# Общий раздел > Чувства > Он и Она >  Женское и мужское одиночество

## Asteriks

*Мне кажется, что женщины чувствуют одиночество больнее, чем мужчины. А Вы как полагаете?*  :mage:

----------


## BiZ111

У мужчин есть друзья, работа на которой тоже друзья, есть бабы, есть пиво, есть срипбары, есть шашлыки рыбалка лес всё что хош..а у Ж такого нет. Жалко. Ну всё это дерьмо и ерунда на самом деле - все эти гулянки тряпки тачки тёлки

----------


## брюNETка

*Бизя прав!
Это всё потому,что у женщины сразу начинается депрессия:она слушает тоскивые песни,плачет в подушку,в общем,усугубляет ситуацию.А мужчины стараются отвлечься:кто пьёт,кто гуляет ночи напролёт.*

----------


## BiZ111

а как себя отвлечь?

----------


## Serj_2k

Бизя, берёшь телефон и наяриваешь друзьям ... а дальше абы деньги были.

а женщины што? телефон и сопли пузырями, если ещё есть подруга, которая это будет терпеть ... ( примерно так)

----------


## vova230

А по мне так алкоголь не решение проблемы. Я лучше куда на природу и плевать, что один.

----------


## Serj_2k

Вова, так не нажирацца ж, а для настроения! да и про алкоголь речь не шла, но ...

----------


## Asteriks

Уважаемые пользователи описывают последствия одиночества и возможные пути преодоления. Потому что у мужчин друзья, а у женщин нет. Потому что у мужчин алкоголь как снятие стресса, а у женщин нет.
А чувствуют почему по-разному? Отношение к одиночеству разное почему?
Может, потому, что в женщине заложен инстинкт материнства? И потребность о ком-то заботиться?

----------


## брюNETка

> А чувствуют почему по-разному? Отношение к одиночеству разное почему?

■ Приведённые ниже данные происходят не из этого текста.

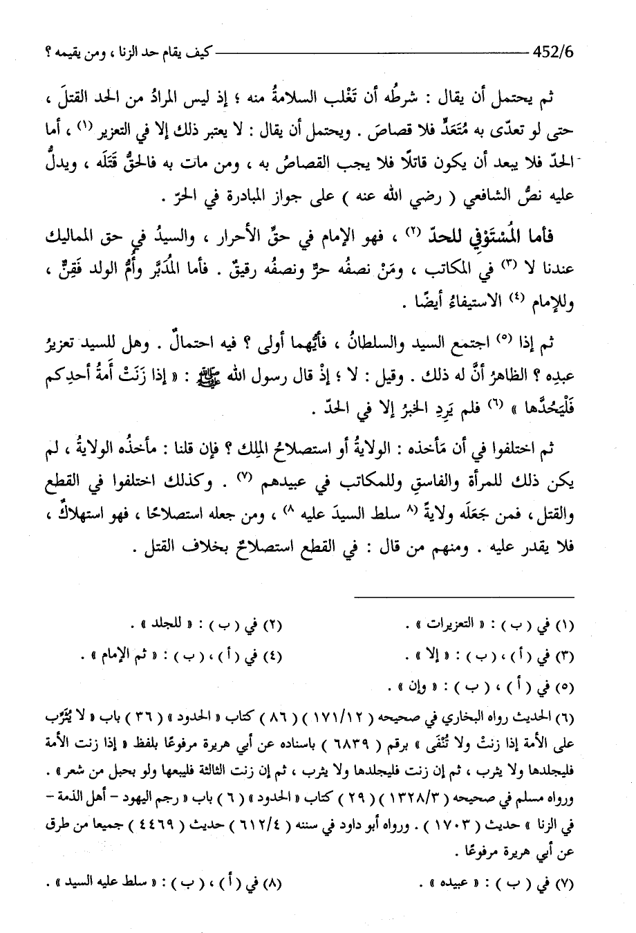 ثمَّ إِذا اجْتمع السَّيِّد وَالسُّلْطَان فَأَيّهمَا أولى فِيهِ احْتِمَال وَهل للسَّيِّد تَعْزِير عَبده الظَّاهِر أَن لَهُ ذَلِك وَقيل لَا إِذْ قَالَ رَسُول الله صلى الله عَلَيْهِ وَسلم

*Да просто,если женщина,допустим в 30 лет одинока и детей у нее нет,у окружающих это вызывает недоумение...и начинается:"Эх,Манька,пора уже тебе рожать" или "Когда уже на твоей свадьбе погуляем?"
А это все в голове крутиться,а тут еще сетра в гости пришла с мужем и детьми и рассказывает по секрету,как ей повезло...
У мужчин такого нет.*

----------


## Asteriks

Оля, опять последствия одиночества описываешь. По твоим словам она УЖЕ одинока. Без мужа и детей. Над холостяком тоже смеются, между прочим, но это всё СЛЕДСТВИЕ. Холостяк одинок? Как он переживает своё одиночество? Так, как женщина? Или по-другому?

----------


## Sanych

Тут ещё от человека зависит. Может у кого такая любовь, что ни хочется ни подруг, ни друзей. Только своего любимого человека видеть и быть с ним рядом. И ни какие отвлечения не помогут, сколько не пытайся.

----------


## брюNETка

> Оля, опять последствия одиночества описываешь. По твоим словам она УЖЕ одинока. Без мужа и детей. Над холостяком тоже смеются, между прочим, но это всё СЛЕДСТВИЕ. Холостяк одинок? Как он переживает своё одиночество? Так, как женщина? Или по-другому?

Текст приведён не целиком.